PROBLEM DESCRIPTION
Reprint all of the data below exactly as shown and skip every image.

DATA PROVIDED
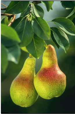
+ Pretty pears
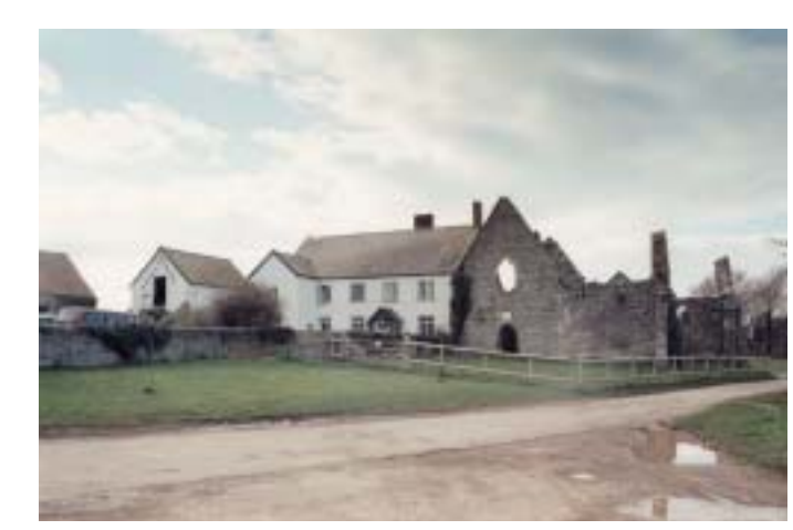
Kilve in the early 21st century. (AA 048499) from the building, together with studies of historic maps and documents has allowed us to re-create the manor house and its enclosure as it may have looked in the early 14th century. At the heart of the house was the great hall, open to the roof. At the upper end of the hall were apartments for the lord and his family, including a private chapel. To the lower end of the hall and screened from the hall by a wooden partition, was the service accommodation and a kitchen, detached from the main building because of the risk of fire. The manor house lay within an enclosure, often defined by water: at Kilve, streams and large fish ponds formed part of the boundary.

The evidence for the medieval landscape of the Quantock Hills is rich and diverse. The wealth of the landowning families is reflected in the surviving medieval fabric of churches, chapels and manor houses. At Kilve a substantial part of the late 13thor early 14th-century manor house still stands. The evidence
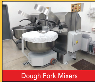
Dough Fork Mixers

WRITTEN ANSWER
+ Pretty pears
Kilve in the early 21st century. (AA 048499) from the building, together with studies of historic maps and documents has allowed us to re-create the manor house and its enclosure as it may have looked in the early 14th century. At the heart of the house was the great hall, open to the roof. At the upper end of the hall were apartments for the lord and his family, including a private chapel. To the lower end of the hall and screened from the hall by a wooden partition, was the service accommodation and a kitchen, detached from the main building because of the risk of fire. The manor house lay within an enclosure, often defined by water: at Kilve, streams and large fish ponds formed part of the boundary.

The evidence for the medieval landscape of the Quantock Hills is rich and diverse. The wealth of the landowning families is reflected in the surviving medieval fabric of churches, chapels and manor houses. At Kilve a substantial part of the late 13thor early 14th-century manor house still stands. The evidence
Dough Fork Mixers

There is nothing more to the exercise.